埋もれてるけどセカイ系ノベル作品の名作だと思う。

**ネタバレ注意**
ゲームをクリアした人むけのレビューです。

長文感想

短いながらもしっかり纏まっていた。
随所に動画や一枚絵を豊富に組み込むなどして
ユーザーを飽きさせない工夫がされており、
最期まで飽きずに読めた。

辛い現実で追い込まれて、全てが嫌になった少年の心の動きと行動が
丁寧に描かれている良作だった。

ゲームも無料で、サクっと5時間程度で読める短さゆえ、
手が取りやすいと思うので、
セカイ系作品なんかが好きな人には強くオススメしたい!
(ノベルだとCHAOS;CHILD、ハピメア)
(アニメだとエヴァ、ラーゼフォン)
※上記の作品が好きな人はハマれる可能性が非常に高いのでオススメです。


この作品、エンドが2つ用意されていて、
1つのエンドは苦労することなくたどり着く
(というかそこから抜け出せなくなる)んですけど、
もう1つのエンドまでの道がなかなか癖があって
選択肢1つ選ぶのにも頭を使わされるので、
昨今のノベルゲームで失われつつある
「選択肢を選ぶ楽しさ」が組み込まれていたのも高ポイントでした。
(一応、ふりーむのページの1番最後の部分や、
ゲーム本体に入ってくる「readme」ファイルの
最後に選択肢のヒントは書かれています。

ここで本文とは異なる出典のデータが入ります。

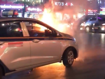 | Ô tô bốc cháy như đuốc trên đường Trần Duy Hưng. |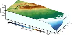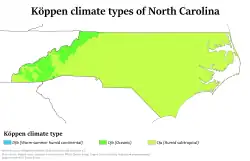 North Carolina is defined by a wide range of elevations and landscapes. From west to east, North Carolina's elevation descends from the Appalachian Mountains to the Piedmont and Atlantic coastal plain. North Carolina's Mount Mitchell at 6,684 ft (2,037 m) is the highest point in North America east of the Black Hills South Dakota.[16] Most of the state falls in the humid subtropical climate zone; however, the western, mountainous part of the state has a subtropical highland climate.[17]

)

ただ、僕は上記のヒント群を見て何回トライしても、
やり方が悪いのかエンド1から抜け出せませんでした。
僕のような不器用な方は、
”Aを読んでいく上で感じた違和感”を元に考えて、
「拒絶」を繰り返すときっとエンド2までの道が開けると思います。


・物語の時系列としては、B→A→Cって順番になってると思うけど、
BからAに行くっていう構成が、本編を進めていて、
薄々世界観設定の秘密に気づいていた状態でも
あっと言わされる展開が盛り込まれてきたので退屈することなく楽しめた。

また、物語の振り返りと総まとめ的立ち位置にあるエピソードになる
Cも、今まで張り巡らされた伏線などから予想はできていた真実が明かされるが、
さらにその斜め上をいく真相が最後の最後に待っているので、
その部分を見せられたときは「そう来たかあ…」と唸らされました。


・この作品、A・B・Cのそれぞれのエピソードで、
ノベルゲームとしてのインターフェイスがガラっと変わるんですけど、
それもゲームクリア後に振り返ってみると、

A→主人公 上條游雅が望んだ作り物の「理想の世界」であって、
現実ではないから典型的なギャルゲー染みたインターフェイス
(立ち絵、メッセージウィンドウ)

B→主人公 上條游雅の”視点”で物語が進むから、立ち絵が存在せず、
一枚絵を何枚も駆使してアニメーションのようにぬるぬる世界が動く

C→妄想世界と現実世界の狭間の話なので、メッセージウィンドウは存在せず、
各種ツールボタン(スキップ、セーブ、ロード…etc)もない


こういう作りになっていたのかなあと考えされられてしまった。


最期に、
眞那彌さんとイチャイチャしたいです……。